A card section depicts Chun Doo Hwan and his wife in 1984. Provided by the artist

With Korea’s 18th presidential election just around the corner, the Art Link gallery is the place to go for some quiet reflection on the severity and transience of power against the light and shadows in the works of 61-year-old photojournalist Choi Jae-yeong.


The funeral of Park Chung Hee in 1979

The “Memento Mori” exhibition at the fine arts gallery in central Seoul traces the lives of seven presidents - Park Chung Hee, Chun Doo Hwan, Roh Tae-woo, Kim Young-sam, Kim Dae-jung, Roh Moo-hyun, Lee Myung-bak - and presidential candidate Chung Ju-yung.

Choi began his career as a photographer in 1976 with Dong-A Ilbo and moved to the Joongang Ilbo in 1978. He has spent 35 years as an observer and chronicler of the political scene. Until his retirement last August, Choi had regular access to the Blue House, the National Assembly and the truce village of Panmunjeom. He currently works as an independent photographer and was appointed vice president of 11th Dong Gang International Photography Festival.

Some of the most notable works of the exhibition include a picture of Chun Doo Hwan’s card section. At the opening ceremony of the 1984 National Sports Festival, a section of people held up cards portraying the president and first lady.

Promotion of sports was an important part of Chun’s policy to keep the public from any political awakening. The card photograph effectively captures the dichotomy of dictatorship, the spirit of sports used as a tool of political oppression and expressions on the faces of ordinary Koreans obscured by flawless card portraits of the presidential couple.

Another photograph shows former President Roh Moo-Hyun running against now president Lee Myung-bak for the Assembly seat in Jongno District, central Seoul, in 1996. The photograph is all the more powerful in light of the subsequent paths of the two men. In the general election, Roh lost to Lee, but he later won the seat in a by-election after Lee resigned because of a violation of election law. Subsequently, Roh was elected president and committed suicide after leaving office. Lee succeeded him as president.

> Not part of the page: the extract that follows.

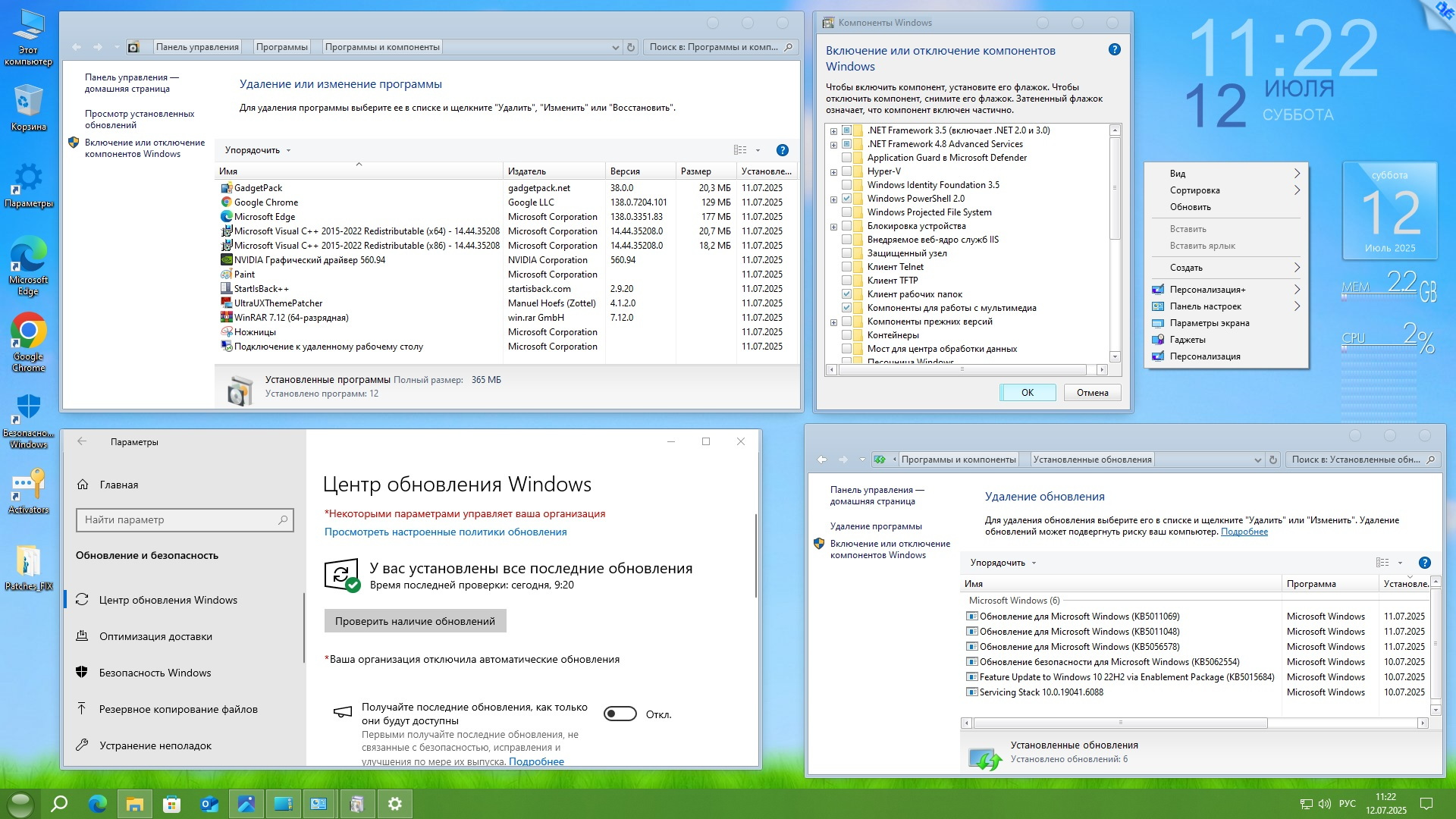Интегрированы: накопительное обновление ОС по 9 июля 2025 г.;

Kim Dae-jung campaigning in 1987

Also included in the exhibition are pictures of the nation mourning Park Chung Hee at his state funeral in 1979, Kim Dae-jung delivering a speech under tight security and Kim Young-sam having noodles for lunch.

By Diane Lee Contributing writer []

* The exhibition runs through Sept. 28. Hours are 10 a.m. to 7 p.m. Monday through Saturday and noon to 6 p.m. Sunday. Go to Anguk Station, line No. 3, exit 1. For more information, visit or call (02)738-0738.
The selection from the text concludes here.